New System Reveals How Our Brains and Bodies Change as We Fall Asleep

Combining behavioral and physiologic measures depicts gradual process, may help diagnose sleep disorders.

Massachusetts General Hospital (MGH) investigators have developed a system to accurately track the dynamic process of falling asleep, something has not been possible with existing techniques. In their report in the October issue of the open-access journal PLOS Computational Biology, the research team describes how combining key physiologic measurements with a behavioral task that does not interfere with sleep onset gives a better picture of the gradual process of falling asleep. In addition to being a powerful tool for future research, the system could provide valuable insight into diagnosing and understanding sleep disorders.

“While our personal experience tells us that falling asleep is a gradual process, current clinical methods only define a single point in time at which one has fallen asleep,” says Michael Prerau, PhD, of the MGH Department of Anesthesia, Critical Care and Pain Management, lead author of the report. “Our new research shows that it’s not simply when you fall asleep that’s important, it’s how you fall asleep that really matters. We now have the power to chart the entire trajectory of your neurological, physiological and behavioral activity as you transition from wake to asleep, rather than simply reporting the time it takes.”

In their report, the investigators describe developing a method that continuously estimates the degree to which an individual is awake at each point during the sleep onset process. “This is a real paradigm shift in the way we study sleep onset,” says Patrick Purdon, PhD, MGH Department of Anesthesia, Critical Care and Pain Management and senior author of the study. “By quantifying the dynamic changes in brain activity and behavior during the transition from wakefulness to sleep, we now have a rigorous framework with which to study disorders of sleep onset, such as insomnia or narcolepsy.”

To link changes in brain activity to loss of consciousness during sleep onset, the investigators developed a new, minimally disruptive means of tracking behavior as someone falls asleep. Earlier methods either used tasks in which a participant was asked to respond to auditory cues, something that could disrupt falling asleep, or actigraphy – the method of measuring movement used in most clinical sleep devices and consumer wearables, which cannot distinguish between sleep and motionless wakefulness. To get around these problems the investigators developed an ingenious new behavioral task that is accurate without disturbing sleep.

This image shows a hand squeezing a blue and yellow ball. There are electrodes attached to the arm.
Sleep study participants are asked to squeeze a small ball with their hand in time with their breathing, and the force and timing of their motions are measured by the glove and by electrodes on a forearm muscle. By combining EEG brainwave data with information from the way squeezes decrease in frequency and strength as a participant falls asleep, investigators can now track the dynamic changes in brain and body during the sleep onset process. Credit Michael Prerau, PhD, MGH Department of Anesthesia, Critical Care and Pain Management.

Instead of responding to a sound, a participant holds a small rubber “stress ball” in one hand and is asked to squeeze the ball with every intake of breath and release it when exhaling. A special glove on that hand and electrodes on the forearm measure both the timing and the force of each squeeze. In this way, the participant’s own breathing acts as the stimulus, and the squeezes act as the behavioral response. Tracking how well ball squeezes are aligned with an individual’s breathing reflects a gradual process during which more and more squeezes are mistimed or totally absent. Measuring the force exerted by the forearm muscle also reflects how the strength of the squeezing motion drops with sleep onset.

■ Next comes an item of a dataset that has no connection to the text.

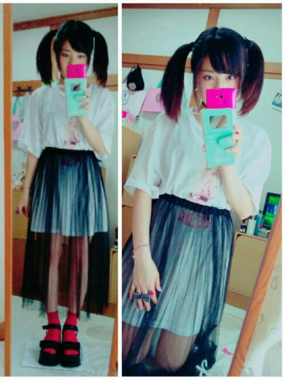 個性的なのかセンスがないのかどっちなのか Tシャツワンピの上にシースルースカート?をはいてみた・・・謎

At the same time as the ball-squeeze measurements are taken, EEG readings track three brain wave patterns previously associated with falling asleep, decreasing power in the alpha frequency range and increasing power in delta and theta frequencies. The combination of all of these measures – the timing and strength of ball squeezes and the change in brain wave levels – is used to calculate what the investigators call the wake probability, an estimate of the degree to which a participant is awake during the process of sleep onset.

Testing their model in healthy volunteers over several nights not only provided more accurate results than did traditional methods of sleep determination, it also revealed differences in the way sleep onset occurs in different individuals. Current clinical criteria define sleep as beginning when the power of an individual’s alpha-range brainwaves disappears. While seven of the nine study participants followed this pattern, two participants continued to correctly time their ball squeezes for several minutes after alpha levels had dropped. Only when the power in their brainwaves at the theta and delta frequencies had risen did both the behavioral and physiological measures indicate that they were asleep.

“These participants continued to respond to the task, even though current clinical measures would say they were still asleep, which was clearly not the case,” says Prerau. “These results suggest that it is the presence of delta and theta power, rather than the lack of alpha power, that is necessary for the cessation of behavior. We may need to carefully re-examine the way sleep onset is defined, since behavior is an essential component of the story that is not measured clinically.”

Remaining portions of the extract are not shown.